* [What you are asked to do]: Pictures aside, please retype the whole listing word for word.

* [Given information]:
++++++
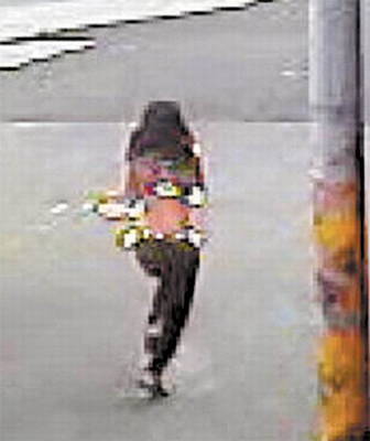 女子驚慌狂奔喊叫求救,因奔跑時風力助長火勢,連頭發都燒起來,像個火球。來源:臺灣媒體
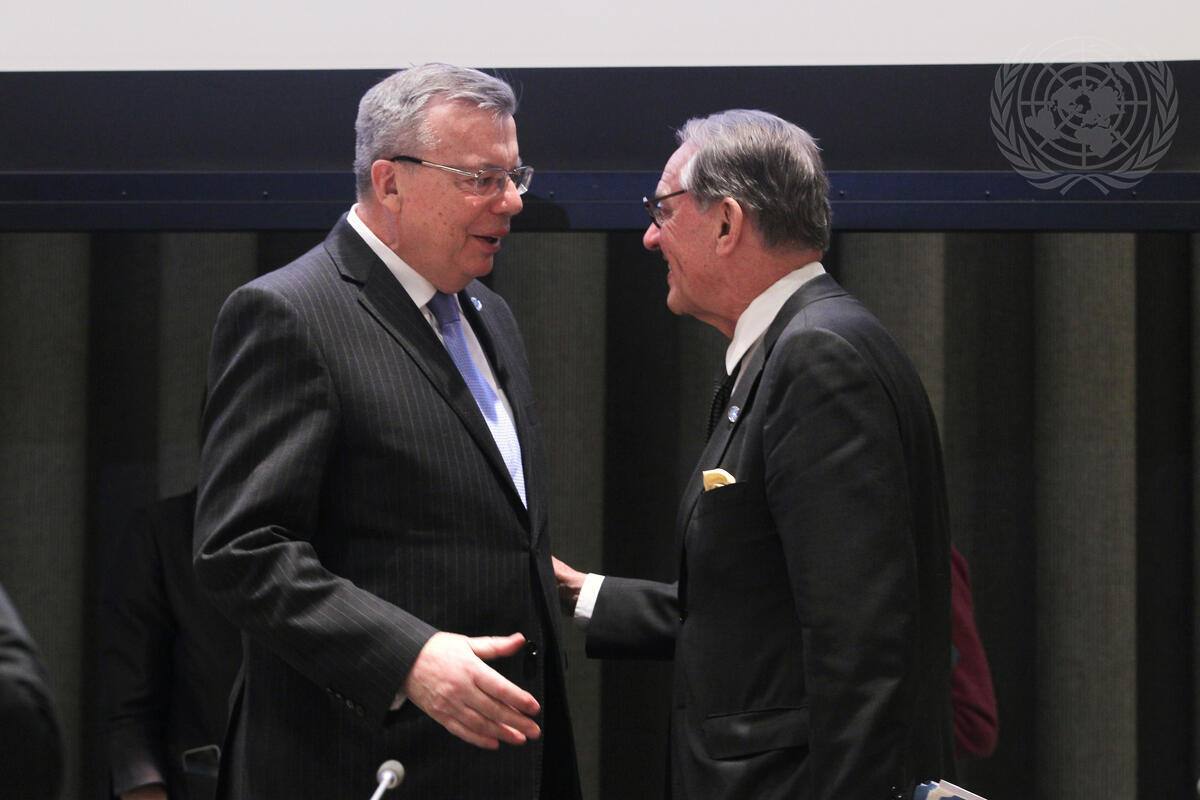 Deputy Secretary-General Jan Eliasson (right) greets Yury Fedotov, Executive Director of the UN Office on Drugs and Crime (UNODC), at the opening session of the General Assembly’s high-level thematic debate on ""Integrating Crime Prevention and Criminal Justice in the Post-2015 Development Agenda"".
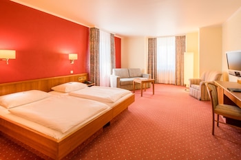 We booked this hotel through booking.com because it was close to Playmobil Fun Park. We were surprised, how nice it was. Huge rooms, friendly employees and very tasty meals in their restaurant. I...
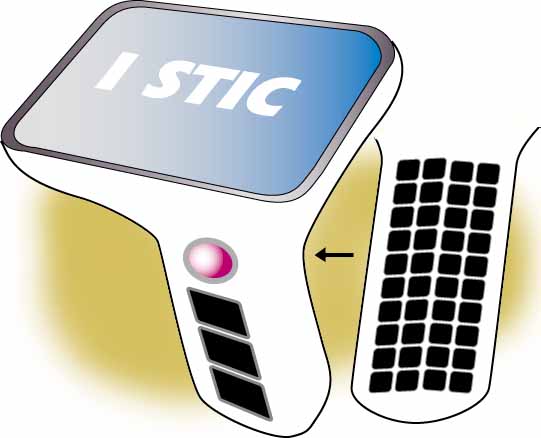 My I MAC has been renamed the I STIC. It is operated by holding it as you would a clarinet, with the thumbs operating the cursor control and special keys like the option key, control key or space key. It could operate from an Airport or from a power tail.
++++++
* [Result]:
 女子驚慌狂奔喊叫求救,因奔跑時風力助長火勢,連頭發都燒起來,像個火球。來源:臺灣媒體
 Deputy Secretary-General Jan Eliasson (right) greets Yury Fedotov, Executive Director of the UN Office on Drugs and Crime (UNODC), at the opening session of the General Assembly’s high-level thematic debate on ""Integrating Crime Prevention and Criminal Justice in the Post-2015 Development Agenda"".
 We booked this hotel through booking.com because it was close to Playmobil Fun Park. We were surprised, how nice it was. Huge rooms, friendly employees and very tasty meals in their restaurant. I...
 My I MAC has been renamed the I STIC. It is operated by holding it as you would a clarinet, with the thumbs operating the cursor control and special keys like the option key, control key or space key. It could operate from an Airport or from a power tail.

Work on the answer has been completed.